Just turn the table upside down.

Then the first matching item will really be the last item, as you desire.

How to turn it upside down? Well, I don't mean literally do that!!

(Today, in 2021, we'd just use `XLOOKUP()`

and tell it to look last to first instead of first to last. But read on for a solution that would have worked nicely in 2014. Or 2004 or 1994.)

As you may or may not be aware, the `INDEX()`

function can reorder columns in the range given to it so that the output has a column that was to the right of another column now on its left. Or let you select only some columns, or use one column more than once. It gives you that same opportunity with the rows. People seldom think about the rows though if they like Stephen Kind, they certainly do consider He Who Walks Behind The Rows...

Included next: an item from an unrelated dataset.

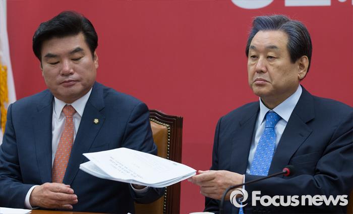 | △ 김무성(오른쪽) 새누리당 대표가 7일 오전 서울 여의도 국회에서 열린 최고중진연석회의에 참석해 원유철 원내대표에게 문서를 전달하고 있다. 박철중 기자 cjpark@focus.kr |

Anyway, how to reverse the rows? The trick in 2014 for making sure all the rows in a range were present in the result (when one had to when leaving the value blank or "0" did not work, which was basically due to having used special selection for the columns) was to use the value `ROW(1:1000)`

(if there were a thousand rows in the range). Variations on the theme existed, but they revolved around using calculations to make a string and `INDIRECT()`

to make that something `ROW()`

would use. I will show that in the formula that follows, but in 2021 we can just use `SEQUENCE()`

to make the desired high-to-low sequence needed.

The problem with `ROW(1:1000)`

being written as `ROW(1000:1)`

trying to get a sequence going down 1 at a time from 1,000 to 1 (1,000, 999, 998, 997,...3, 2, 1) is that Excel cheerfully takes your "wrong" address range and "helpfully" fixes it for you so that it records as 1:1000, not 1000:1... no matter what you do.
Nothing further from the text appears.